I turn my phone around so she can see it.

“It’s asking for the physical add–”

She throws up her hand, turns around, and walks away. I try to call after her and she just throws side-eyes. “You can figure it out.”

Now I’m going to pause here to highlight something: I understand I can be brusk under the best of circumstances. I also understand that I’m wearing a mask so she really can’t see my face to know how I am feeling. And I also understand they are under a tremendous amount of stress due to the pandemic. I’m a very understanding person.

But now, I’m also embarrassed. As someone who prides themselves in having an incredibly vociferous and particularly vicious inner Karen (something that has gotten me more than one free steak dinner when speaking to cable and phone companies for friends — looking at you, Russ Minton), I feel the need to stress that I was *in no way* being rude, confrontational, or angry.

I look at the waiting room, and a woman is sitting nearby. She’s dumbfounded.

“Did that just happen?” I ask? She shakes her head. “I mean, really. Am I having some weird hallucination?”

She chuckles and I leave. I go to the car, resolved to become a Trump voter and consigned to my status as a super spreader.

I drive for a few minutes to clear my head, but I just can’t let it go. So I call the clinic and ask to speak to the clinic manager. In fact, I have to call four times because it keeps dropping the call. When I do finally get the clinic manager on the phone, she is appalled. (They usually are.) But she also informs me that this individual “does not normally work here, and she wouldn’t.” Apparently, the clinic manager’s had her own issues with this young woman.

After a brief conversation in which she apologizes three times for the woman’s behavior, I thank the manager and the call ends, crisis averted and my insurance company’s $700 worth of tests firmly in their “win” column for the day. But the call left me thinking about all those Karens out there.
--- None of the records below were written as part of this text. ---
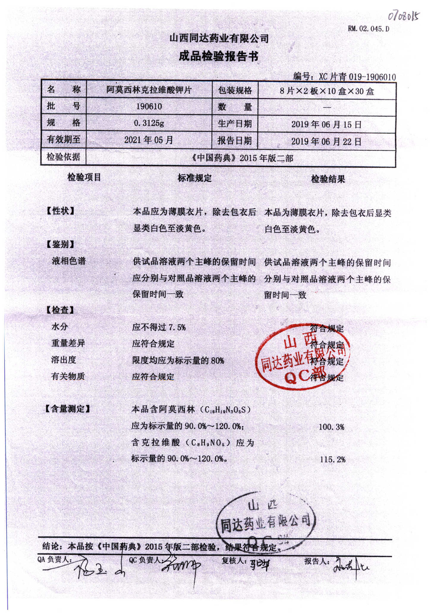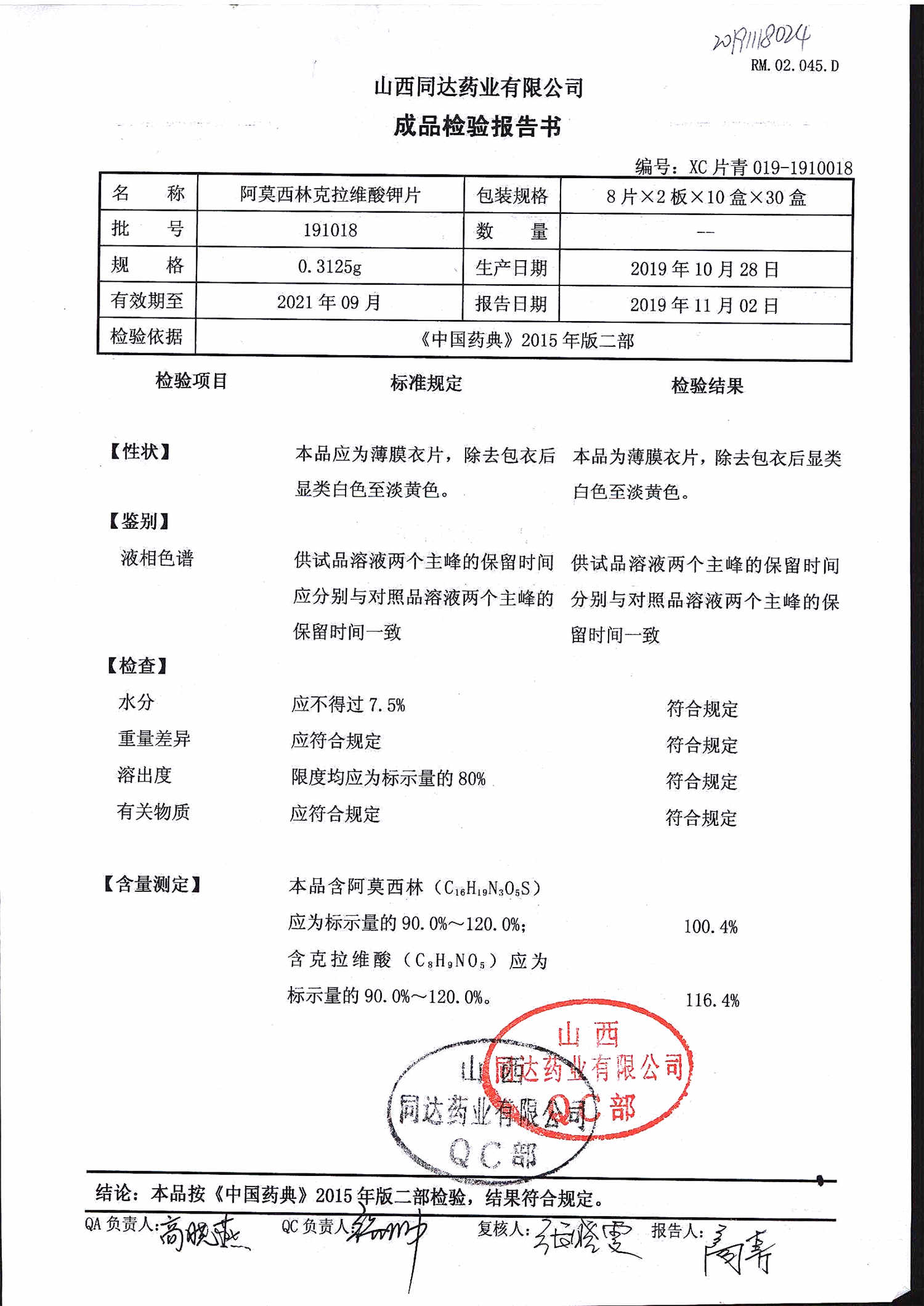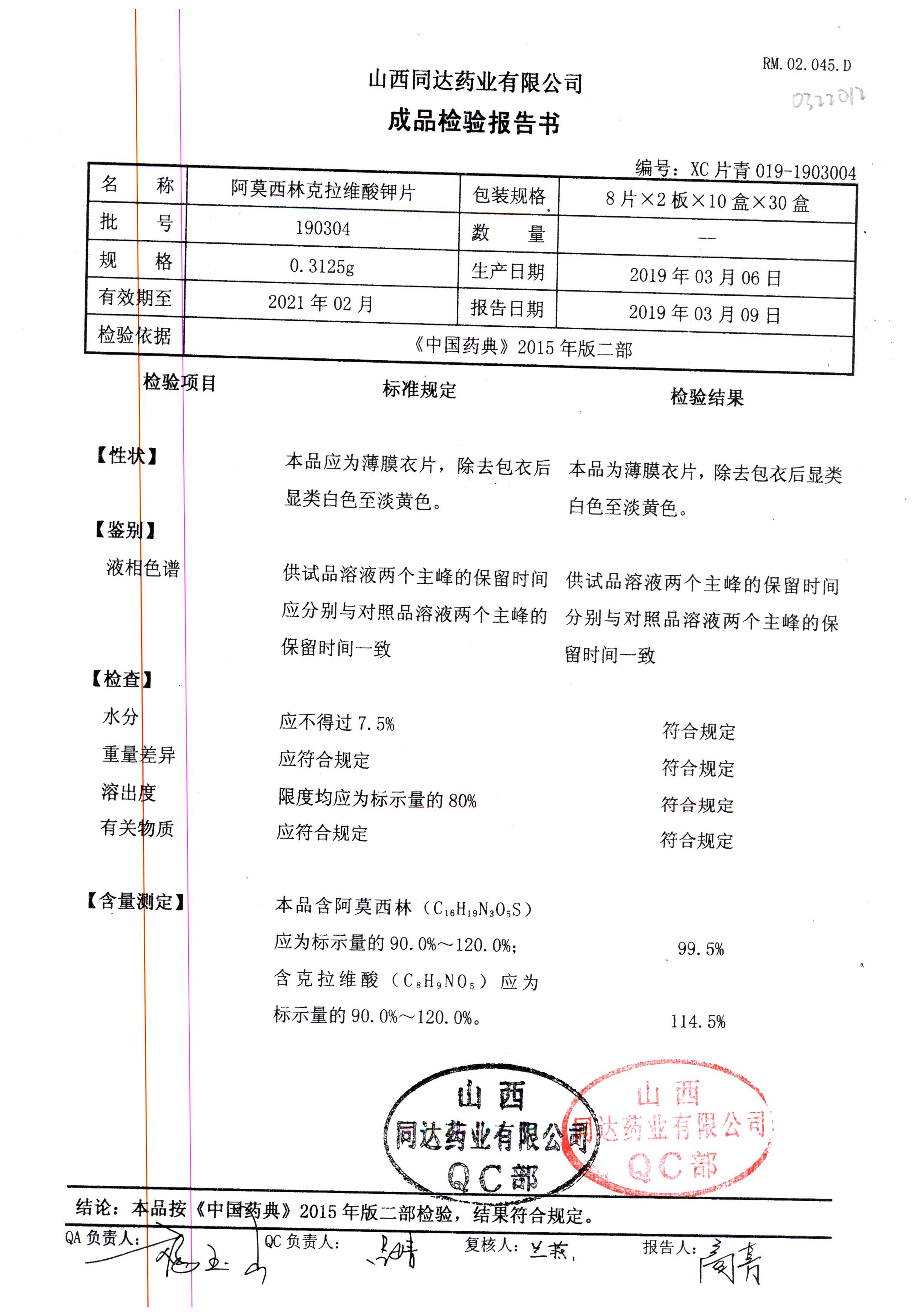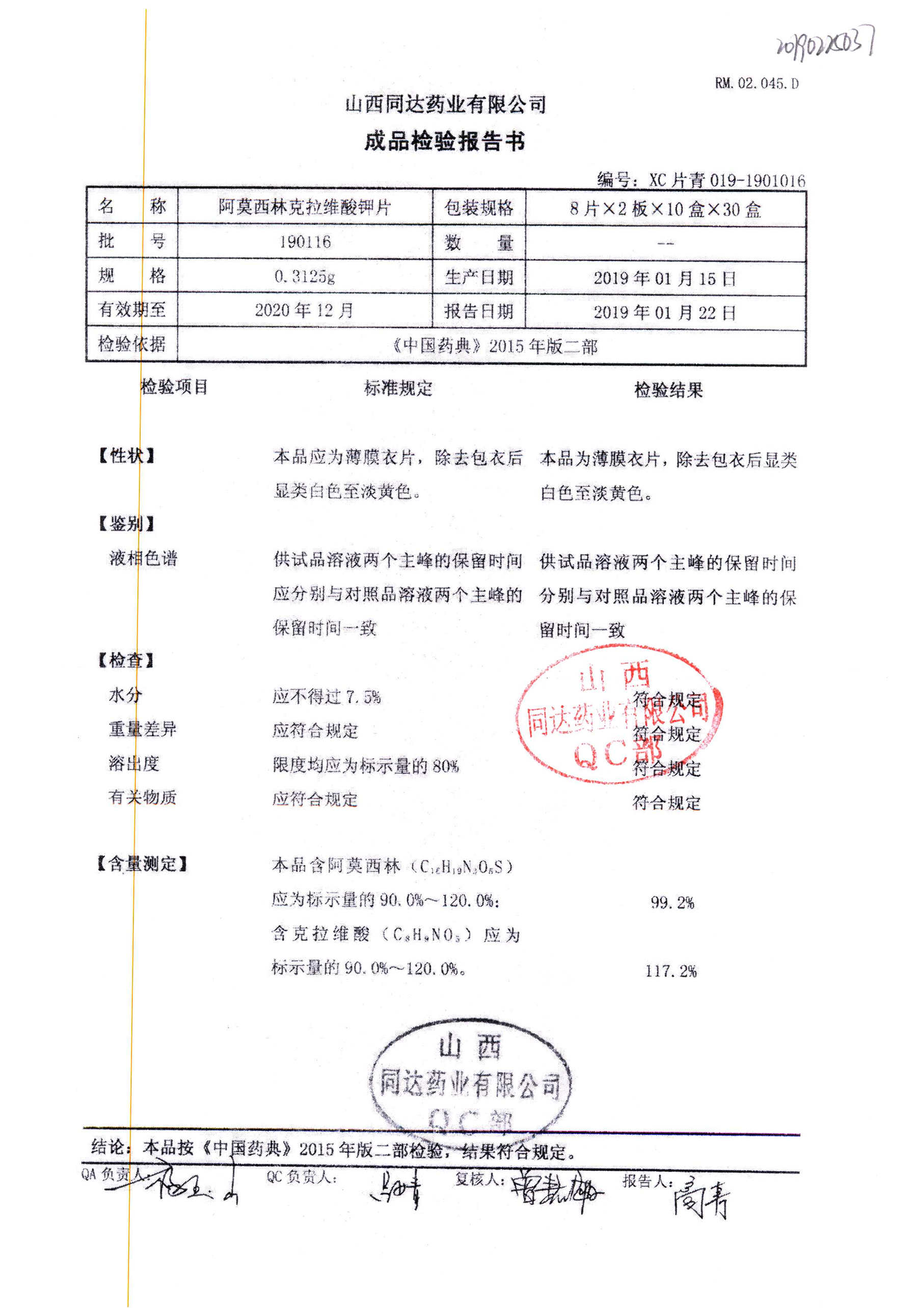 | 阿莫西林克拉維酸鉀片 | 0.3125g*16s | 190326 | 查看詳情 |
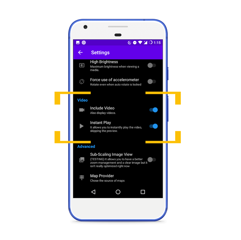 Spend less time managing and more time enjoying pictures. With HD Gallery you will be able to display images to fill your entire screen. You can use the pinch-to-zoom gesture or zoom buttons to get more detailed view.
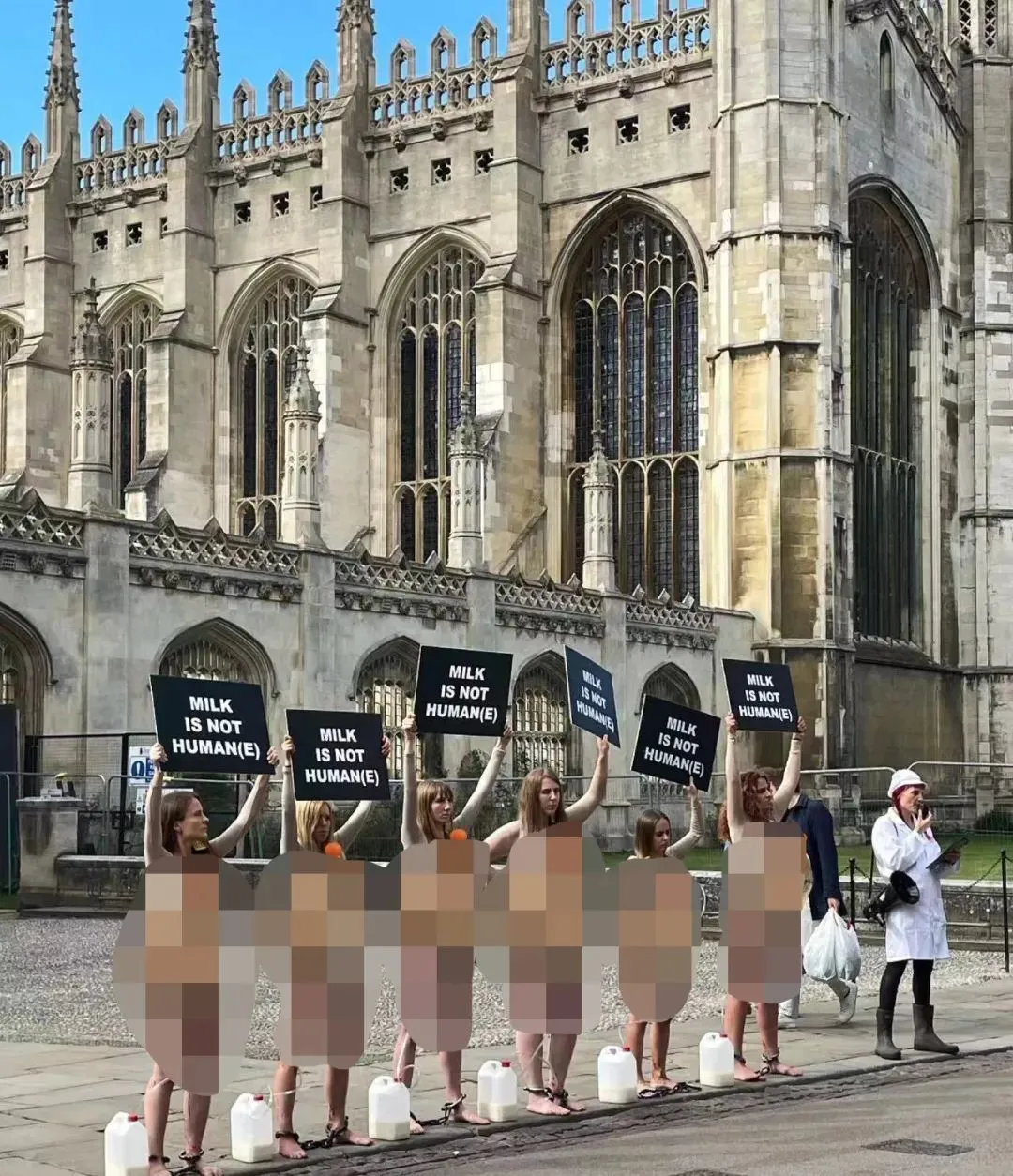 靠着這副裝束,她們在新聞宣發層面先後攻陷了倫敦泰特現代美術館、劍橋市中心市政廳前等要地。
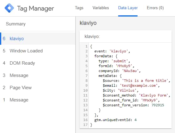 Luckily, in Klaviyo’s case, we are using a specific form listener that pushes data to the Data Layer only after successful form submission.
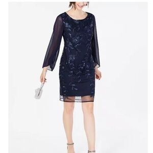 Framed by flowy sheer sleeves, this Connected sheath features tonal embroidery sprinkled with sequins to brighten a party look.
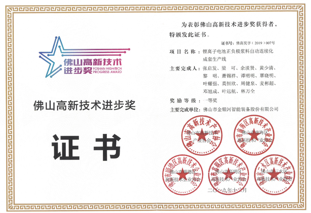2019年12月,操逼APP下载大全項目“操逼免费下载网站電池正負極漿料自動連續化成套生產線”被佛山高新技術產業協會授予“佛山高新技術進步一等獎”。
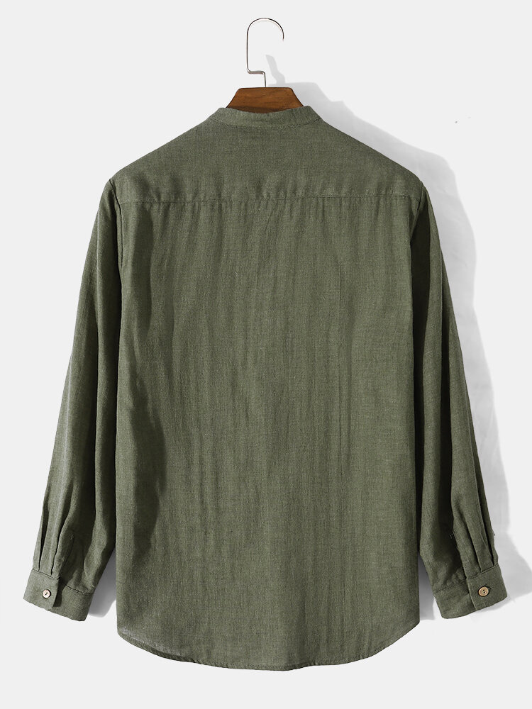Men 100% Cotton Mori Basic Henley Collar Buttons Long Sleeve Shirts – Green S
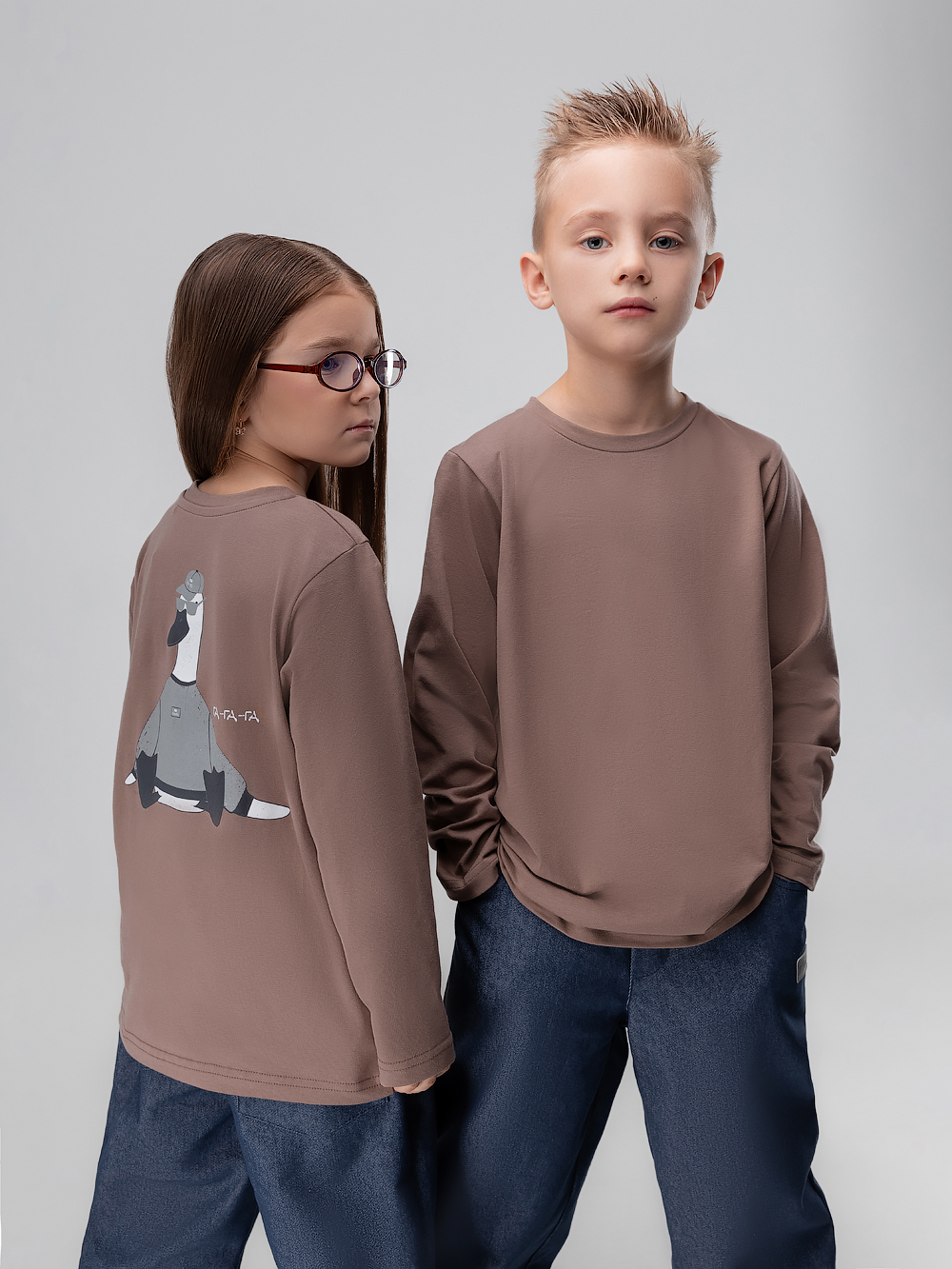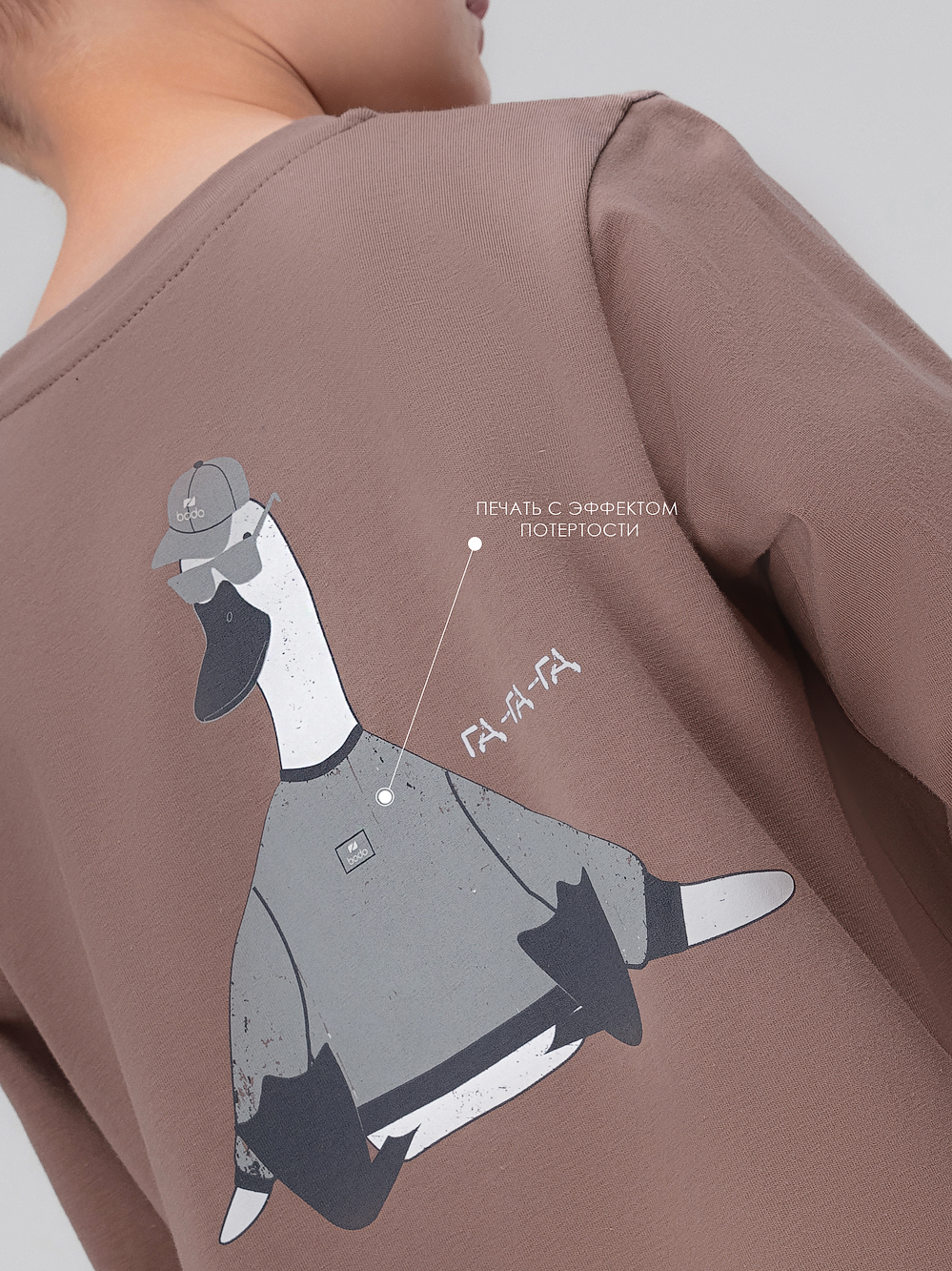 Свободный лонгслив с длинным рукавом. Горловина футболки округлой формы. Низ изделия прямой. Принт "Гусь" на спине.
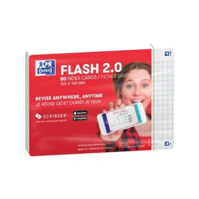 Oxford Flash 2.0 Pack of 80 Cards A6 Format (10.5 x 14.8 cm) Small Squares Double Sided White Frame Bristol
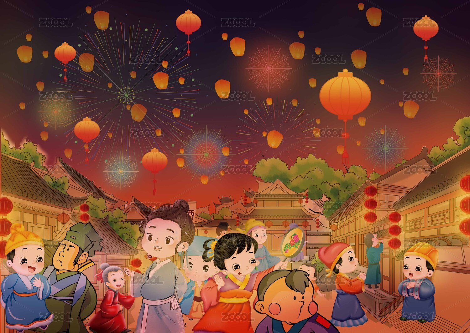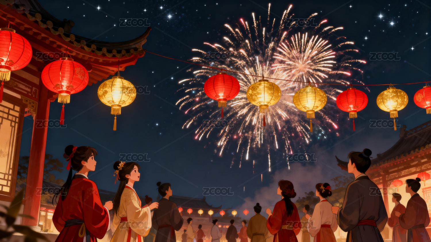 古风元宵节烟花灯会

No, not the racists assclowns who report children selling lemonade or men birding. I was thinking about the more run-of-the-mill, “I need to speak with your manager” Karens who we see screaming their heads off because their latte was too hot or not hot enough, the ones who are upset that the restaurant lost the reservation for their grandmother’s 100th Birthday Dinner. You know–the sympathetic Karens, the ones where we are both laughing and sad, because we realize, “there, but for the grace of God, go I.”

I start thinking about compassion. It’s easy to show compassion to someone who is, in turn, showing compassion to you. But compassion on a one-way street? That’s the hard one. Sometimes, I know I fall short of exhibiting that compassion in the face of anger. And God knows I’ve had more than my fair share of that over the years. (Google me. Click “News” and then read about ten years’ worth of posts. It’s all there.) It’s something I struggle with, and I’m not sure I’ll ever master.

And working in the medical field right now can’t be easy. So today, when I go for my 1:30 appointment to get my brain poked, my throat scratched, and my ears examined, I think I’ll show up with a bucket of Pumpkin Spice Something from Starbucks and a dozen donuts.